> _Exercise goal_:
Give the listing again word for word. Skip the pictures.

** Supplied material follows **

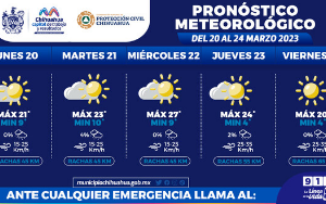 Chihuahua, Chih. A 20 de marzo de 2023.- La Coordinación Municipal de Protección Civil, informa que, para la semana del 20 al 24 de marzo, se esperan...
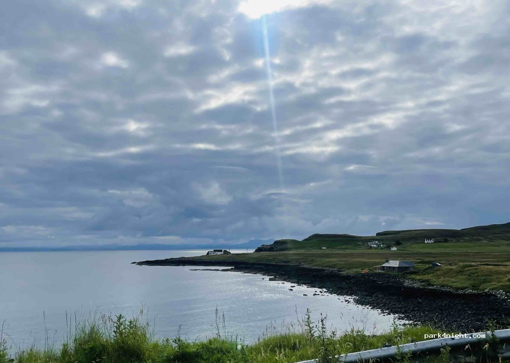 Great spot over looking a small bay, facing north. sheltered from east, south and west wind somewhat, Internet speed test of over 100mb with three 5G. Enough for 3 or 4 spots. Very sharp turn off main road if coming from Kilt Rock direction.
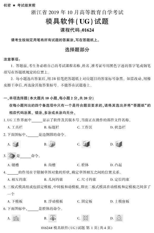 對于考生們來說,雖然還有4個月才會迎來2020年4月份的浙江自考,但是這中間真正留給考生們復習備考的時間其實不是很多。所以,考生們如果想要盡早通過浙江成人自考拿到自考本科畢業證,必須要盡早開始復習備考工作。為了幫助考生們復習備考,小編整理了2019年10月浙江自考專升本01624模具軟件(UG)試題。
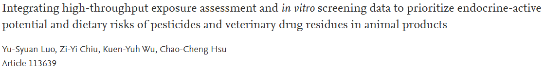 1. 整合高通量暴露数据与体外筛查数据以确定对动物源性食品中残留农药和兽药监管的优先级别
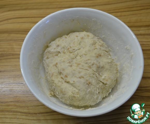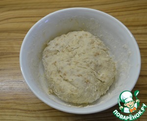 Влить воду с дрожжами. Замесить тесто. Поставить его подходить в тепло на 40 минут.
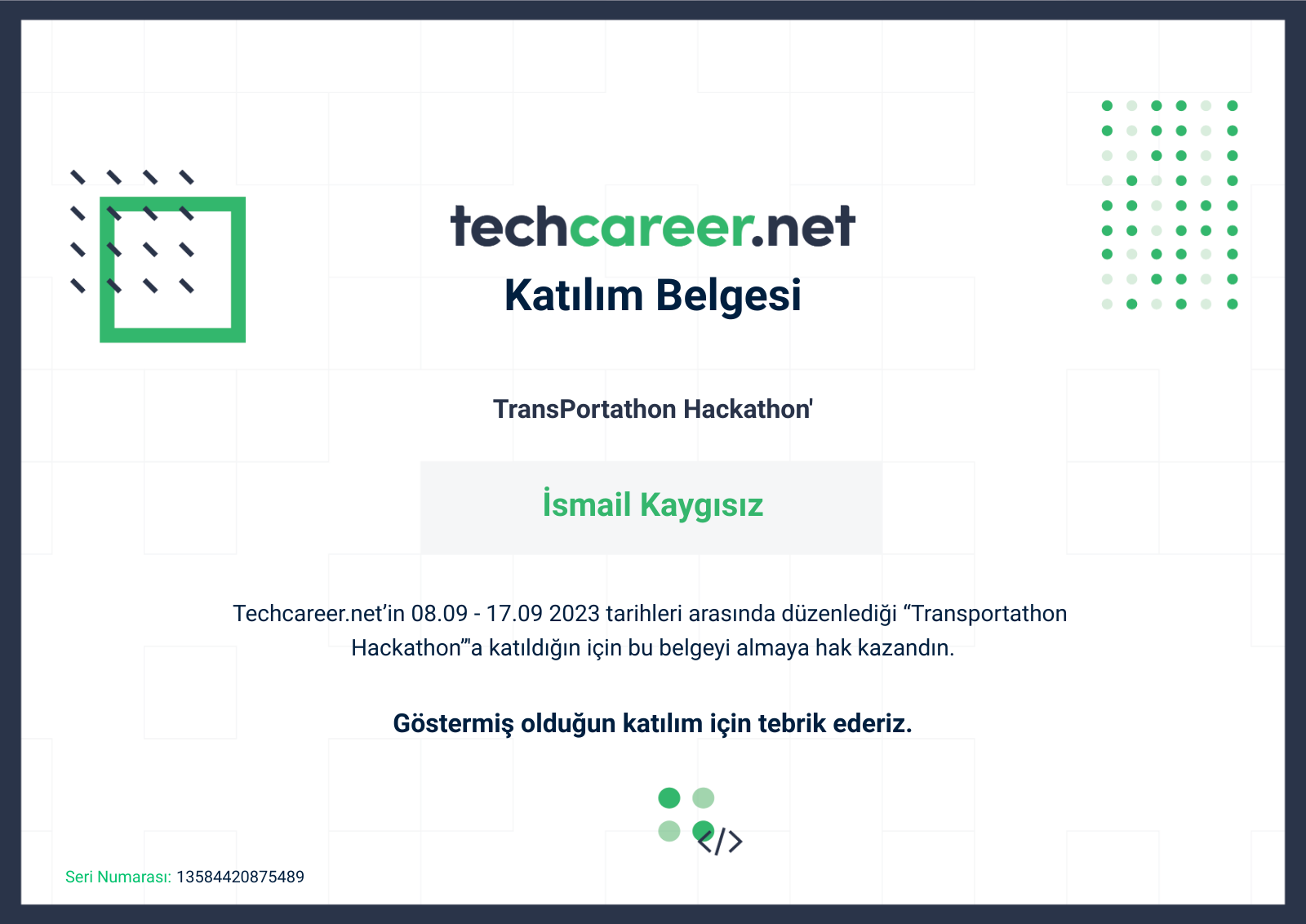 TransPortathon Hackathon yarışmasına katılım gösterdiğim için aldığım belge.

** End of Supplied material **

> _Your solution_:
 Chihuahua, Chih. A 20 de marzo de 2023.- La Coordinación Municipal de Protección Civil, informa que, para la semana del 20 al 24 de marzo, se esperan...
 Great spot over looking a small bay, facing north. sheltered from east, south and west wind somewhat, Internet speed test of over 100mb with three 5G. Enough for 3 or 4 spots. Very sharp turn off main road if coming from Kilt Rock direction.
 對于考生們來說,雖然還有4個月才會迎來2020年4月份的浙江自考,但是這中間真正留給考生們復習備考的時間其實不是很多。所以,考生們如果想要盡早通過浙江成人自考拿到自考本科畢業證,必須要盡早開始復習備考工作。為了幫助考生們復習備考,小編整理了2019年10月浙江自考專升本01624模具軟件(UG)試題。
 1. 整合高通量暴露数据与体外筛查数据以确定对动物源性食品中残留农药和兽药监管的优先级别
 Влить воду с дрожжами. Замесить тесто. Поставить его подходить в тепло на 40 минут.
 TransPortathon Hackathon yarışmasına katılım gösterdiğim için aldığım belge.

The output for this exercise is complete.